Eru25.12.2009Post ID: 51393 |
I to mówi ktoś kto mówi że każdy powinien znać swój język? Nie pamięta że "Polacy nie gęsi i swój język mają"?
Dyslektycy mają problemy z formułowanie swoich myśli w zdania i zapisywaniem ich, a nie z czytaniem. (Mówiąc o dyslektykach należy pamiętać że spora część z nich ma załatwione zaświadczenia i nie robi nic w kierunku poprawy swoich umiejętności).
Co jest kłamstwem? To ze stereotypowy humanista ma problemy z matmą? Czy to że ścisłowiec z dobrą pamięcią opanuje spokojnie materiał z historii, nawet jeśli nie będzie z niego błyskotliwy?
Problem jest taki że większość ludzi po socjologii czy innej psychologii nie znajdzie pracy w swoim zawodzie. I tyle.
Ale jest to celowe męczenie - jeżeli robisz jakieś badania, to żeby to miało jakikolwiek sens, wyniki musisz opracować statystycznie. A żeby móc skumać statystykę, to logiki kapka się przyda. Nie mówiąc już o studentach prawa, którzy powinni mieć logikę w małym palcu.

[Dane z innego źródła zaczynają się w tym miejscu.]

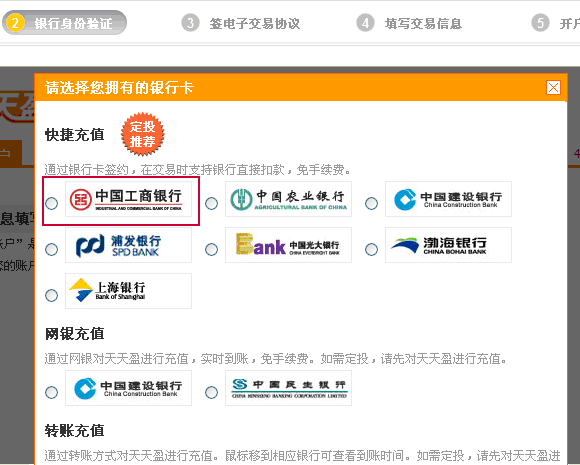 5、以快捷充值中的“中國工商銀行”為例;

10%. Dziesięć procent. Tyle by wystarczyło, i tyle jest prawdziwych pasjonatów. Jeżeli ktoś idzie na wyższą szkołą czegoś tam i czegoś, to śmiem wątpić w tę jego pasję i zaangażowanie w nią. PS. Nie można robić zagnieżdżonych cytowań? Czy nigdy nie można było? |
Kordan25.12.2009Post ID: 51395 |
Przejmujesz się opiniami kilku idiotów? Sam przecież mówiłeś też o humanistach, do których masz szacunek. Więc może lepiej by było spojrzeć na innych przedstawicieli tegoż prądu naukowego przez pryzmat znajomości z tymi ludźmi, których lubisz? Ja osobiście nigdy nie spotkałem się ze złośliwościami kierowanymi, przez jedną czy drugą stronę.

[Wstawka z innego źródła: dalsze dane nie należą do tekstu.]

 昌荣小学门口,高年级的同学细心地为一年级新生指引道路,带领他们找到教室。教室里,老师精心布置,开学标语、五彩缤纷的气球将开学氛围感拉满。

Do wymiany kółka w samochodzie nie jest potrzebne żadne wykształcenie. A do sensownego gadania, które nieraz może być przydatne (nauczyciel, prawnik, przewodnik, ksiądz...) już coś by się przydało.
Nie chcę Cię martwić, ale znam osoby, którym matura z polaka raczej się nie uśmiecha. Mój kumpel, który raczej do ścisłych należy po próbnej maturze z tegoż przedmiotu powiedział, że zrobił wszystkie zadania poza ostatnim... Tutaj jeszcze dochodzi problem z tym co jest lepsze. Klucz, czy własne wrażenie osoby, która czyta nasze wypociny, ale to już inna historia...

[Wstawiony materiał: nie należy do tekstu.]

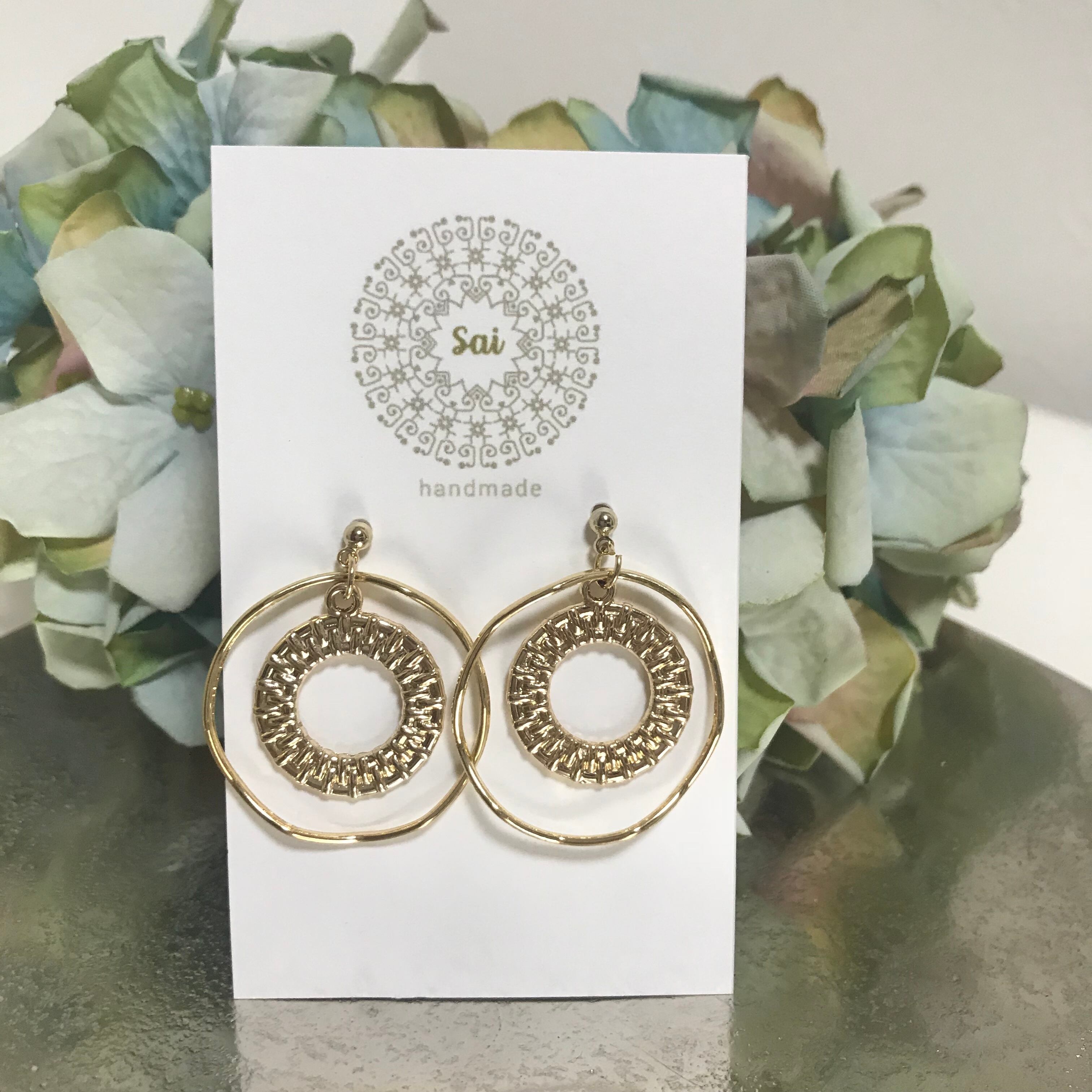 ゴールド二重フープピアス

I tak i nie. Bo widzisz, są poezje, które jakbyś nie kombinował, mają tylko jedną interpretację, a dopowiadanie sobie własnych teorii odbierają danemu wierszowi sens. Bo sory, ale dla przykładu Ars poeticaLeopolda Staffa ma jeden sens. Nie mówiąc, już o wierszach starszych, napisanych archaizmem, w których od środków stylistycznych się aż roi. Są też oczywiście wiersze, które mają tyyyyyyyle interpretacji i tutaj można sobie fantazjować ile dusza zapragnie pod warunkiem, że mają one jakikolwiek związek z treścią. |
Eru25.12.2009Post ID: 51397 |
Idiotów nie sieją - sami się rodzą. |
Kordan25.12.2009Post ID: 51398 |
Mój kumpel to tylko przykład. Takich ludzi u mnie w szkole jest więcej (Żeby było śmieszniej i na profilach ścisłych i humanistycznych... Ci z klasy wojskowej i sportowej to już lepiej nie wspominać) i podejrzewam, że nie tylko u mnie. Z czego to wynika? Nie mam pojęcia... Pewnie jakiś na to wpływ ma to, że ludzie nie czytają lektur, tylko opierają swoją wiedzą na streszczaniach (aby nie być obłudnym, przyznam że przy tym co spłodził Gombrowicz, sam inaczej nie dałem rady) co jest złe. Lektury szkolne i ogólnie książki potrafią ubogacić język, zapoznać nas z nowymi, nieznanymi nam słowami. Oczywiście moje jest to tylko zdanie i dopuszczam możliwość pomyłki... |
Eru25.12.2009Post ID: 51399 |
Ja bym raczej powiedział, że nie czytaj książek tak w ogóle. A nawet ci, którzy jakoś chętniej czytują książek, nie lubią lektur - niektóre lektury są bez sensu. Ja osobiście zdecydowanie chętniej poczytałbym więcej literatury światowej, a nie polskiej - w zasadzie wszystkie książki obce podobały mi się mniej lub bardziej (Zbrodnia i kara, Dżuma, Mistrz i Małgorzata - niestety tylko tyle), natomiast z polskich to jakoś tam trafiła do mnie tzw. literatura obozowa.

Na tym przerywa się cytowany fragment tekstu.